When the guards had finished that song, they began another. It bolstered their confidence in this strange place, but Lee’s unease mounted. Whatever lived in this wooded corner of Mooncaster was more than aware of their presence. He was sure they were being watched, but by what?
The third stirring, patriotic song came to an end. The North Koreans were in a better humour and they debated what to sing next. Scary Spice turned to Lee and invited him to start one, signalling that they would join in. The boy shook his head in disbelief.
“You yankin’ me?” he cried. “Ain’t no way…”
Then, in spite of their predicament, or maybe because of it, he was struck by a sudden notion and a slow, mischievous grin spread across his face. He wondered if he could remember the words…
Presently he was leading the guards in an excruciating, out-of-tune rendition of the old Spice Girls song, ‘Wannabe’.
“You wann be ma lovah, you got get wi’ ma frenn,” the guards sang heroically, repeating what he had taught them, but not understanding any of the words. “I wann-ah, I wann-ah, I really really really wann-ah zig ah zig hah!”
Lee was in creases. He couldn’t believe he had got them to do it. It was so surreal and he wished Maggie had been able to share this; she would have got such a kick out of it, seeing them march in their uniforms, mangling those lyrics. No one would ever take his word for it. But then he probably would never see any of the other refugees again. For all he knew, they might be dead by now. Gerald’s pathetic escape plan never had a chance.
“Hell,” he hissed, pushing that thought away and returning his attention to the guards. “This makes me Geri, don’t it? Man, that blows!”
The meandering path gradually began to take a steady downward course as the land dipped into a valley. Lee guessed they were skirting round one of the thirteen hills, but he was completely lost. Along the edge of the track, the toadstools now grew in dense clusters. They were large and ugly, with greyish-brown, leathery caps, dotted with pale spots, and, as the terrain sank lower, the toadstools grew taller.

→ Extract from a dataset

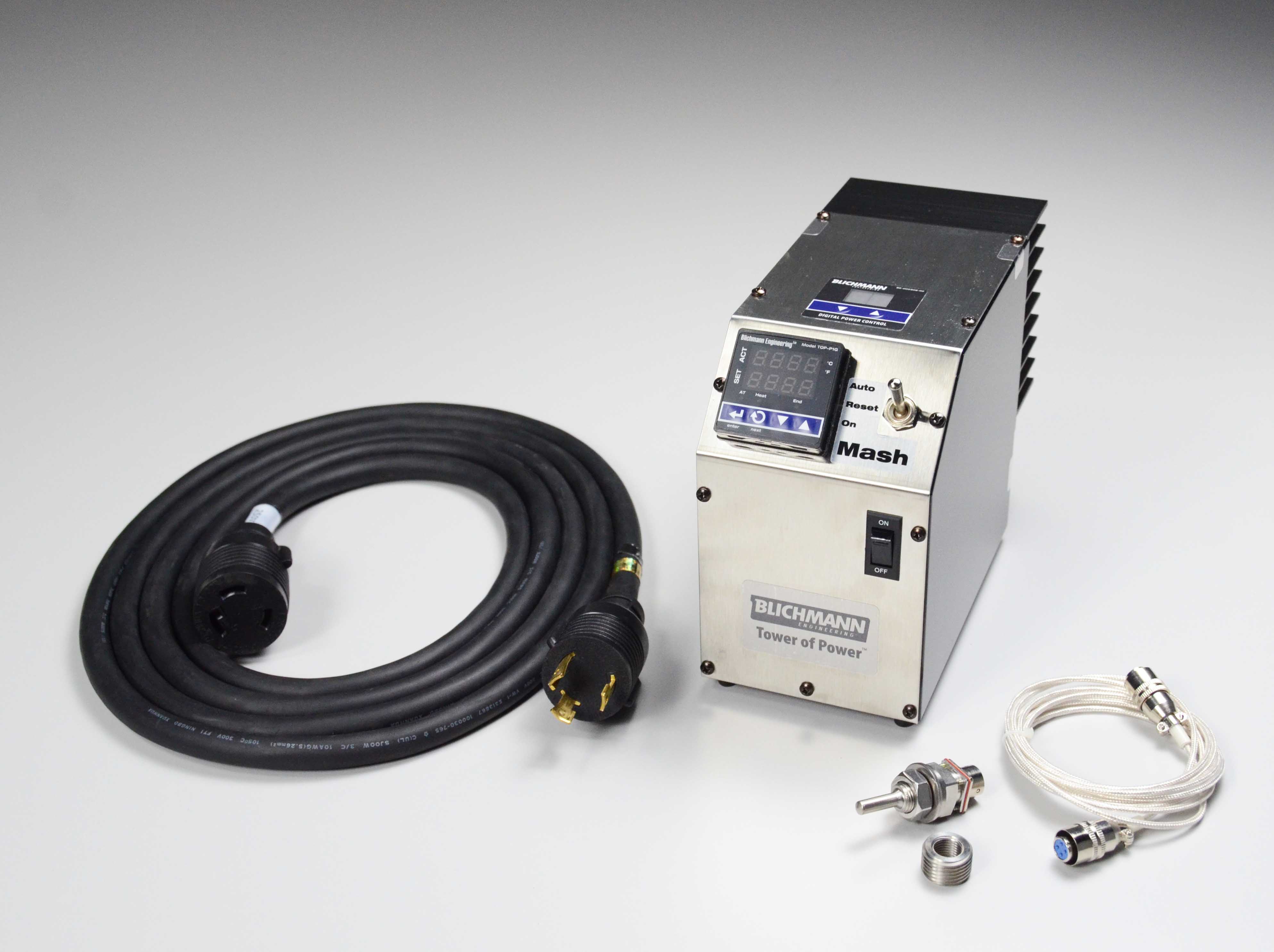 An amazing way to automate a RIMS or HERMS system! Now available in electric, these controllers will work in concert with our suite of equipment options to complete your Blichmann Engineering™ system or act as a freestanding control powerhouse! The Electric TOWER of POWER™ offers superior precision and accuracy. The control module will hold your mash within +/- 0.5°F (1°C). Includes industrial ignition electrode and high quality silicone/carbon fiber ignition wire. Monitors the temperature of your mash tun or HLT (or if you have two Control Modules, both).,,Control Module will include:,,,Class A precision RTD temperature sensor. The sensor can be installed in BrewMometer™ hole in your kettle for an HLT or into any 1/2" NPT fitting with the included adapter bushing.,,,Power control to meter the intensity of the heating element from 0-100%.,,,Optional low level shut off port.,,,Optional Low level kettle switch deactivates heating element to avoid dry firing and potential scorching with element exposed to air. Simply connect low level switch installed in kettle to the TOWER of POWER control module and you are protected from dry firing and potential scorching with element exposed to air. Switch available factory punched for easy installation or as an after purchase add on.,,,Data port for optional remote monitoring and mash-profile programming (unlimited profiles) on your PC (Optional communication cable required).,,,One decal for MASH and one for HLT for appropriate labeling.,,,Compact enclosure of 4.25"W, 7"H, 7"D that is easily integrated into your brew system.,,,Brushed stainless cover and gloss black powder-coated case that will look beautiful for years!,NOTE: Requires 240 v plug for Connectivity.

A glimmer of recognition sparked in the back of Lee’s mind. He was sure he had read about this in Austerly Fellows’ book. This exact place was mentioned – but he couldn’t recall why or what happened here.
“Where is you when I needs you, Sheriff Woody?” he muttered, knowing that Spencer would have remembered without hesitation. Geeks really had their uses. But Spencer was probably lying face down on the mountainside back in the real world, his body peppered with bullet holes. Lee ground his teeth together. There was nothing he could have done to stop that. He just had to keep focused on what he wanted.

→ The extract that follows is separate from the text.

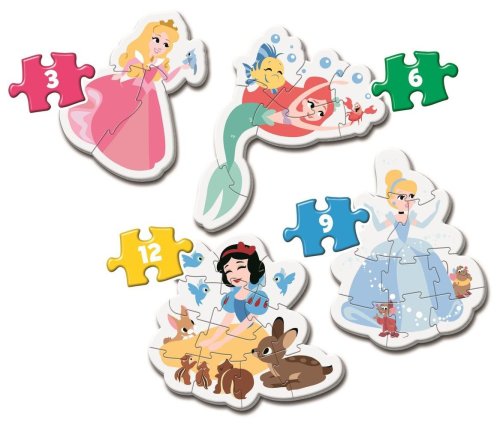 Štyri veľké puzzle pre najmenšie deti s obľúbenými Disney princeznami s počtom 3, 6, 9 a 12 dielikov. Veľké dieliky s hrúbkou 3mm sú pre malé detské ručičky ľahko uchopiteľné a prvé skladanie rozvíja manuálnu zručnosť, koordináciu aj priestorovú orientáciu. Pre deti od 2 rokov.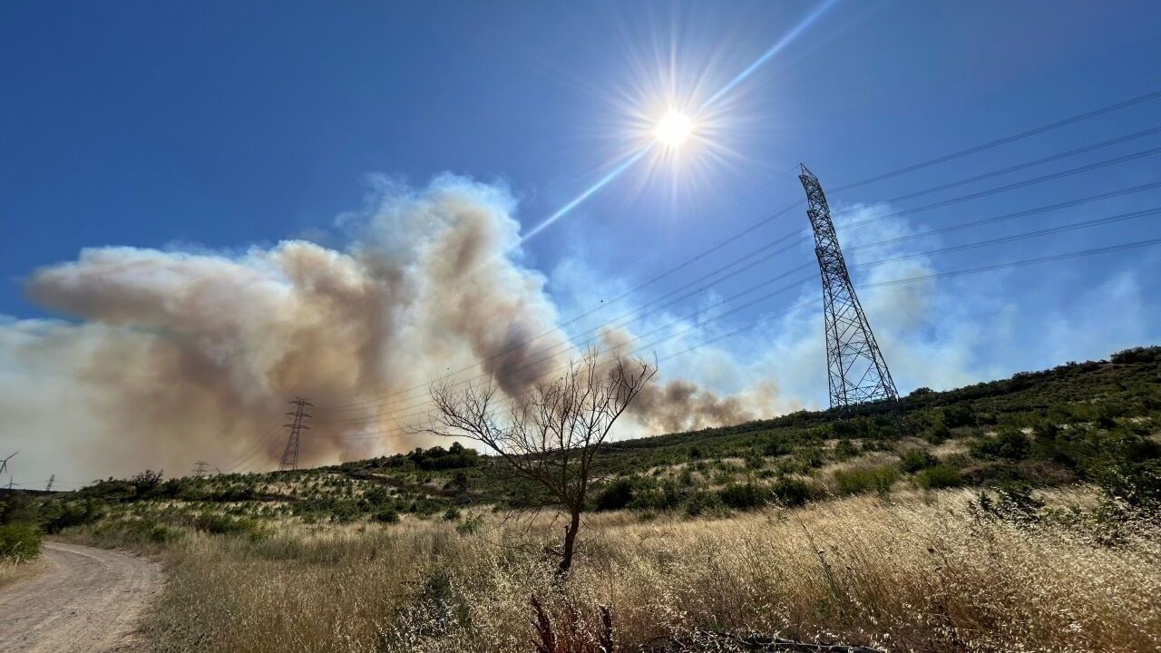 Rüzgarın etkisiyle geniş alana yayılan yangına Orman Bölge Müdürlüğü, AFAD ve itfaiye ekiplerince müdahale ediliyor.

Some of the toadstools were as high as his waist now. Up ahead, they loomed over the pathway. The afternoon was slipping into evening and, beneath the trees, the shadows deepened.
The guards stopped singing. They too were growing uncomfortable and they stared at the oversized fungi with suspicion. Sporty raised his rifle and tapped one tentatively. A cloud of bloated flies came buzzing from the gills beneath the cap and everyone sprang back.

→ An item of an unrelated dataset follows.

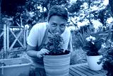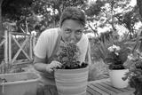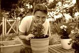 Happy woman growing potted plants. Female gardener in apron and gloves smelling flower in pot. Gardening, hobby concept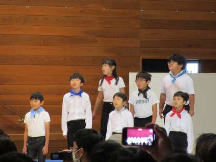 今日は、学習発表会本番でした。「緊張した」「きれいな声を出すためにがんばった」と今まで練習してきた成果を出すことができました。

“We come the wrong way,” Lee declared. “This ain’t takin’ us no place good.”
He was about to signal the others to turn back when a high, squeaky voice began to sing.
“Tra la la, tra la lee.
Who is this that I can see?
Five fine fellows on a strolling spree,
finding their way to merry me.”
On to the path leaped a strange little creature. It was a long-legged goblin, wearing striped woollen stockings under a soft leather tunic, over which was a waistcoat of orange velvet. A hooded cape was fastened under his chin and a pair of pince-nez was balanced on his sharp nose.
It was like an Arthur Rackham illustration come to life. Both eyes were bright green, but one was larger than the other. They gleamed in the gathering dusk and the golden buckles on his pointed brown shoes glinted as he capered in a dainty, twirling dance.
“We shall play some games, but I shall win,
for my name is Nimbelsewskin.
I like to snip and stitch and mend.
Each of you I shall make my friend…”
The four guards opened fire simultaneously – yelling as the AK-47s blasted the goblin back down the path.
When the shooting was over, they were out of breath and smiling at a job well done.